**THE PROBLEM**: Return the listing below exactly, with the pictures dropped.

**RECORDED DATA**:
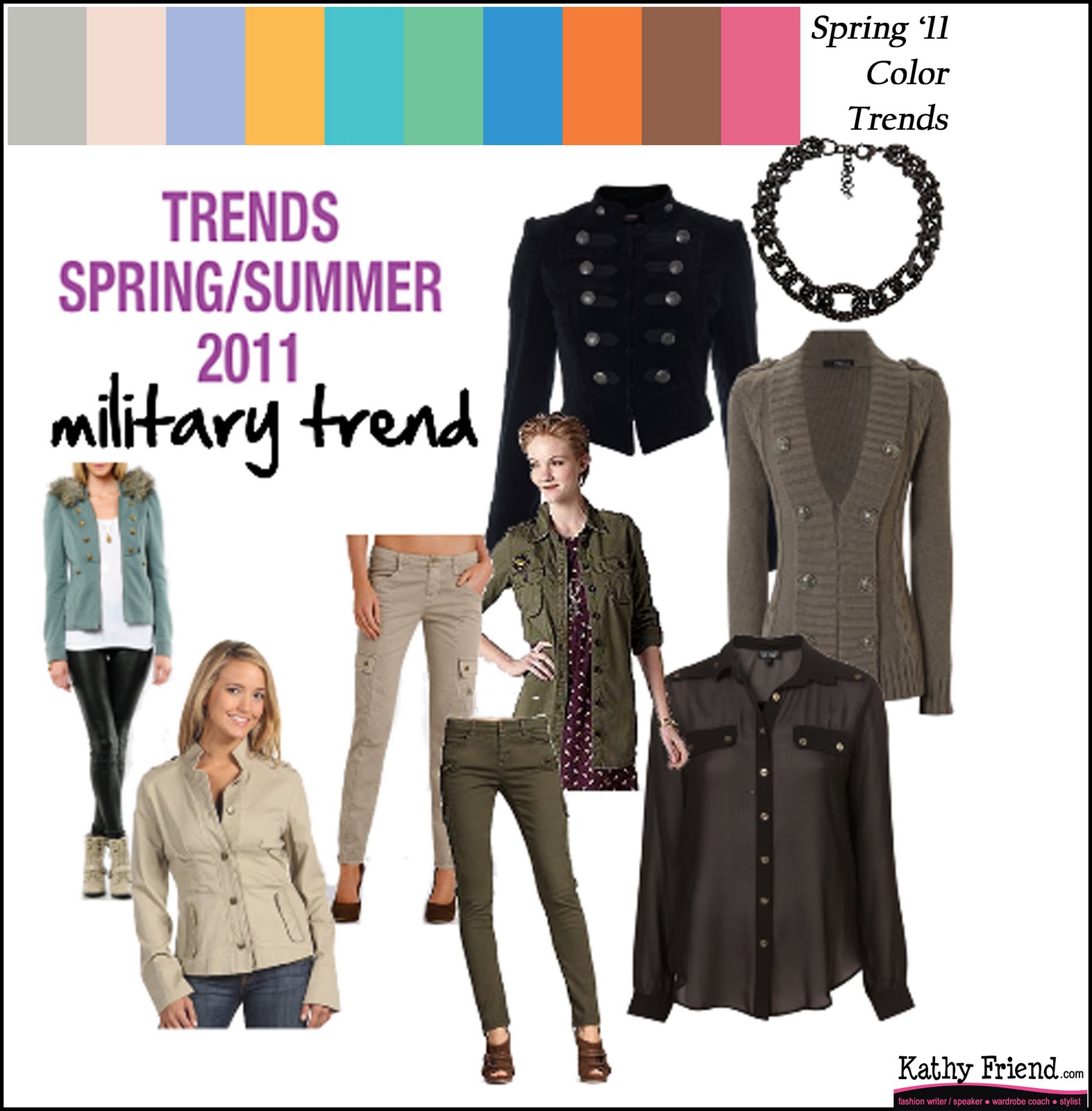 We are seeing this influence everywhere from color to embellishment and style. The khaki-green color we are seeing is attributed to the military trend. To add a little of this trend into your wardrobe, look for chunky metals in your jewelry, or for button detail on shirts / jacket, especially epaulettes.
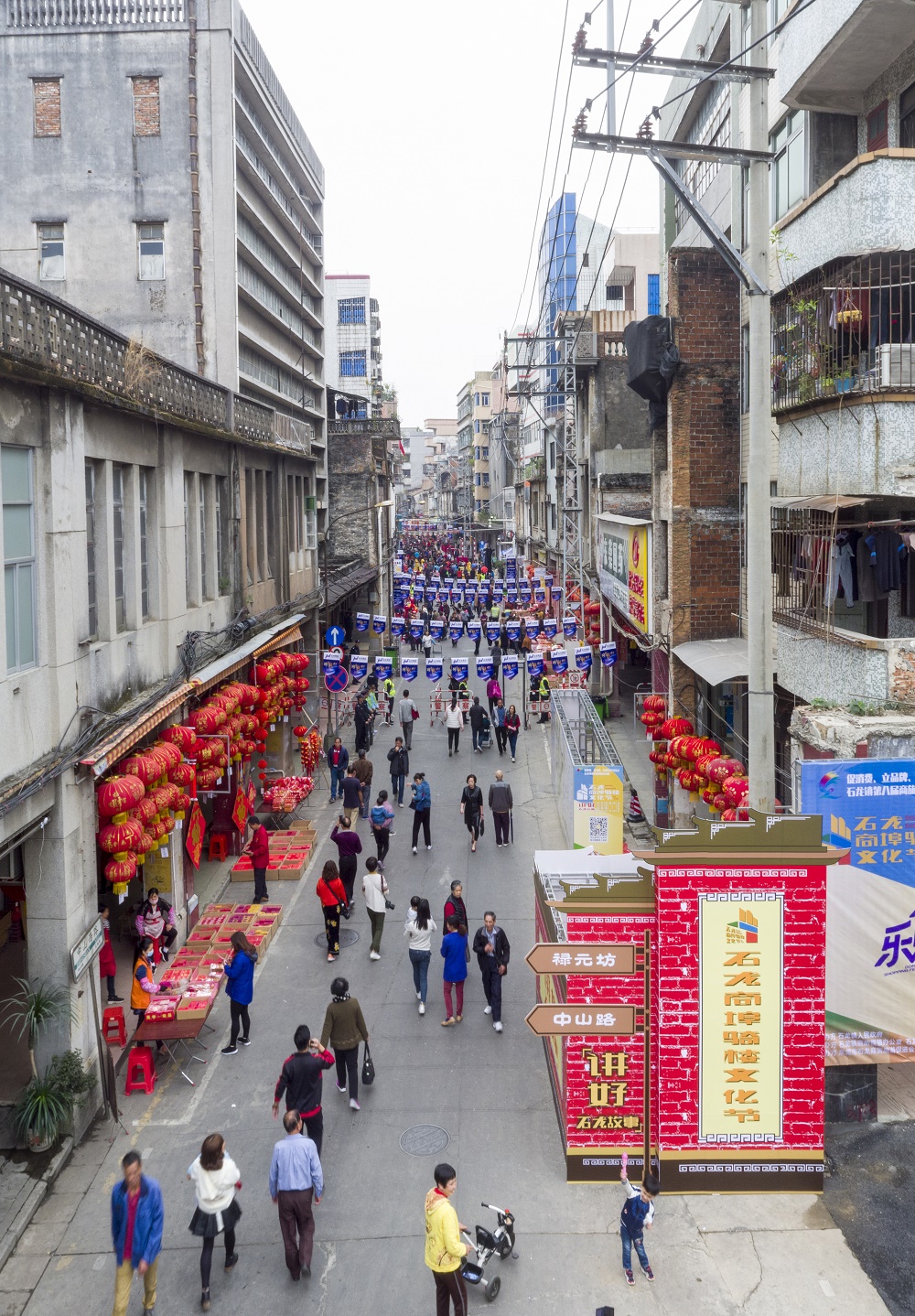 其中為配合「祿元坊」這一年代主題,文化節入口將擺設非遺手工藝與傳統小吃的攤位,超過100個石龍及周邊鎮區的特色美食、非遺手工藝、文藝和娛樂攤位,分佈在騎樓兩側。(冷運軍 陳嘉欣)
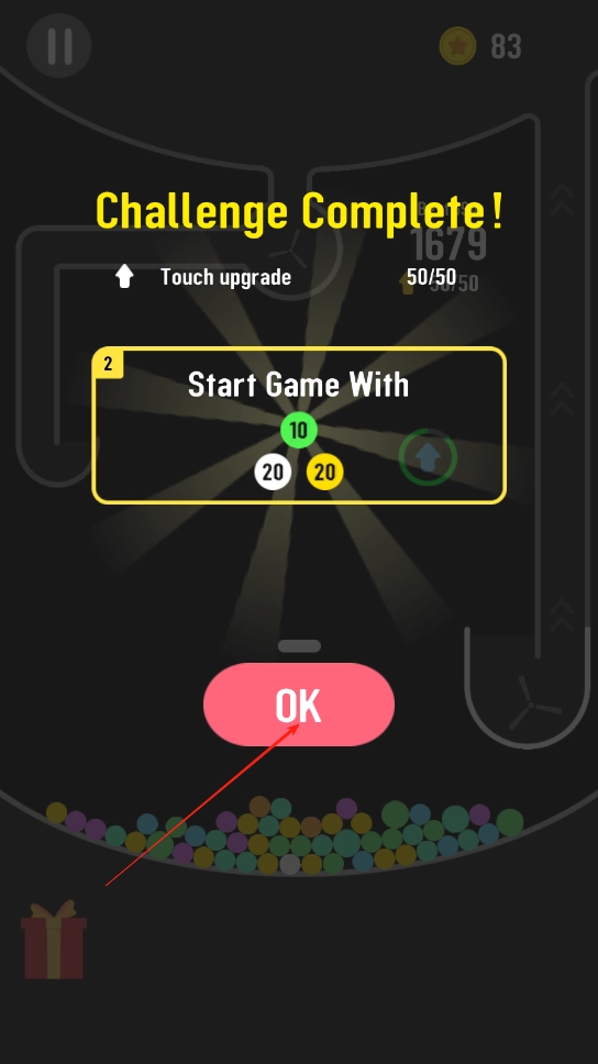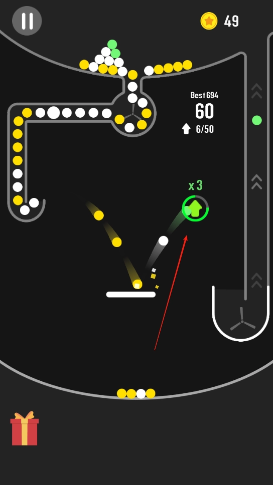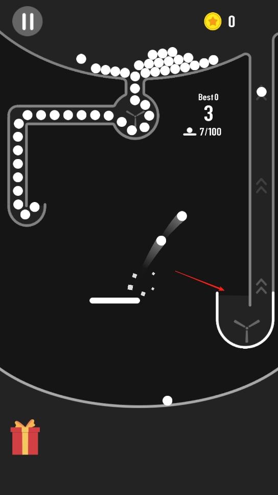 3、不断使小球在循环内反弹,防止其掉落出规定区域。当小球顺利完成数次循环且积累到一定分数时,就能通过当前关卡,进而解锁难度更高的新关卡。

**SOLUTION TO THIS EXERCISE**:
 We are seeing this influence everywhere from color to embellishment and style. The khaki-green color we are seeing is attributed to the military trend. To add a little of this trend into your wardrobe, look for chunky metals in your jewelry, or for button detail on shirts / jacket, especially epaulettes.
 其中為配合「祿元坊」這一年代主題,文化節入口將擺設非遺手工藝與傳統小吃的攤位,超過100個石龍及周邊鎮區的特色美食、非遺手工藝、文藝和娛樂攤位,分佈在騎樓兩側。(冷運軍 陳嘉欣)
 3、不断使小球在循环内反弹,防止其掉落出规定区域。当小球顺利完成数次循环且积累到一定分数时,就能通过当前关卡,进而解锁难度更高的新关卡。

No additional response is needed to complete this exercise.